Material and methods

Study population

The Shanghai Birth Cohort (SBC) is a prospective study aiming to assess the potential health impacts of genetic, environmental, and behavioral factors on fertility, pregnancy outcomes and child growth. A detailed description of SBC can be found elsewhere [33]. To be eligible, women had to meet the following criteria: they were 20 years old and above, registered residents in Shanghai and had no plans to leave Shanghai within 2 years, planned to go to SBC collaborating hospitals for antenatal examination and delivery, and were willing to come for multiple follow-up visits lasting for at least 2 years. At the enrollment, the participants were asked to provide detailed information on sociodemographic characteristics, behaviors and lifestyles, environmental factors, and reproductive and medical history through questionnaire survey. An informed consent was signed by each participant and the study protocol was approved by the Ethics Committee of Xinhua hospital, Shanghai Jiao Tong University School of Medicine.

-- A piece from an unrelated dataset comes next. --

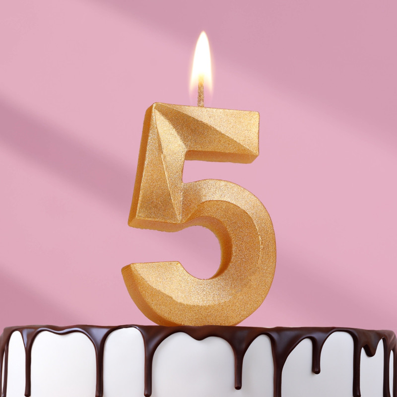 5928489 Свеча в торт "Цифра 5" Цвет золотистый металлик Высота 6,5 см.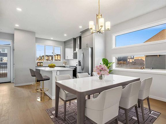 Positioned on a desirable corner lot in Calgary’s northeast community of Homestead, 579 Homestead Drive NE is a beautifully designed two-storey home that blends modern finishes, multi-generational versatility, and thoughtful functionality. From its fully developed 2-bedroom legal secondary suite with separate entrance, to its flexible main floor layout, every detail is crafted for contemporary living and long-term value. The main level showcases 9’ knock-down ceilings and a bright, open-concept design that feels both spacious and inviting. A main floor bedroom and full bathroom add versatility—ideal for guests, extended family, or a home office. The kitchen is a true centerpiece with 42” upper cabinetry topped, stainless steel appliances, and a layout that provides ample space for cooking and entertaining. Subtle design details like coordinated finishes and premium materials elevate the entire main floor’s aesthetic and functionality. Upstairs, a central bonus room offers an ideal gathering place for family time or relaxation. The upper level includes three bedrooms, each thoughtfully proportioned, along with a full laundry room for everyday convenience. The primary bedroom includes a private 4-piece ensuite and a generous closet, while the tile flooring in all upper bathrooms and the laundry room adds durability and modern style. The fully developed 2-bedroom legal secondary suite, complete with a separate rear entrance, provides exceptional flexibility—perfect for multi-generational living or potential rental income. This well-planned lower-level suite includes its own living space, kitchen, bathroom, and bedrooms, designed for comfort and privacy. The backyard has a quaint deck which enhances the home’s entertainment potential, offering the perfect spot for summer barbecues or evening relaxation. The corner lot ensures extra yard space, natural light, and enhanced curb appeal. Located in the new community of Homestead, residents can enjoy a 19-acre environmental wetland with a sheltered gazebo and winding pathways, 4 km of walking trails with connections to the regional pathway system, a 3-acre community association site, a cricket pitch, soccer fields, and future pickleball and basketball courts. Shopping and restaurants are close by, and the Genesis Centre and Prairie Winds Park are only minutes away. Homestead offers activities for everyone—don’t miss your chance to experience all it has to offer. Contact the showhome today!

From 2013 to 2016, a total of 4127 women were enrolled in the SBC. For the current analysis, we restricted to women who had PM2.5 exposure data available, whose infants’ AGD measured, and who had no missing data on major covariates. As a result, 2332 subjects were included (Fig. 1).

Fig. 1
figure 1

Flow chart of the selection procedure of study participants

PM2.5 exposure assessment

Each participant’s residential address was collected through self-reported questionnaire and then geocoded. Daily ambient PM2.5 levels of each participant were predicted using machine learning algorithms with high spatial resolutions (1 km × 1 km) developed previously [34]. Briefly, random forest algorithm was employed to develop models to predict PM2.5 concentrations with available aerosol optical depth (AOD) data on days and at grid cells or without AOD data separately. Other factors including meteorological data, land use information and population variables were also incorporated in the model to improve the accuracy. Cross-validation R2 between daily predictions and ground measurements was 0.81. Then, daily prediction of PM2.5 concentrations were assigned to participants according to their residential address. Then, the mean value was calculated to represent the PM2.5 level throughout the full pregnancy and specific trimesters. In our study, we defined first trimester as 1 to 13 gestational weeks, second trimester as 14 to 27 gestational weeks and third trimester as 28 gestational weeks to the birth.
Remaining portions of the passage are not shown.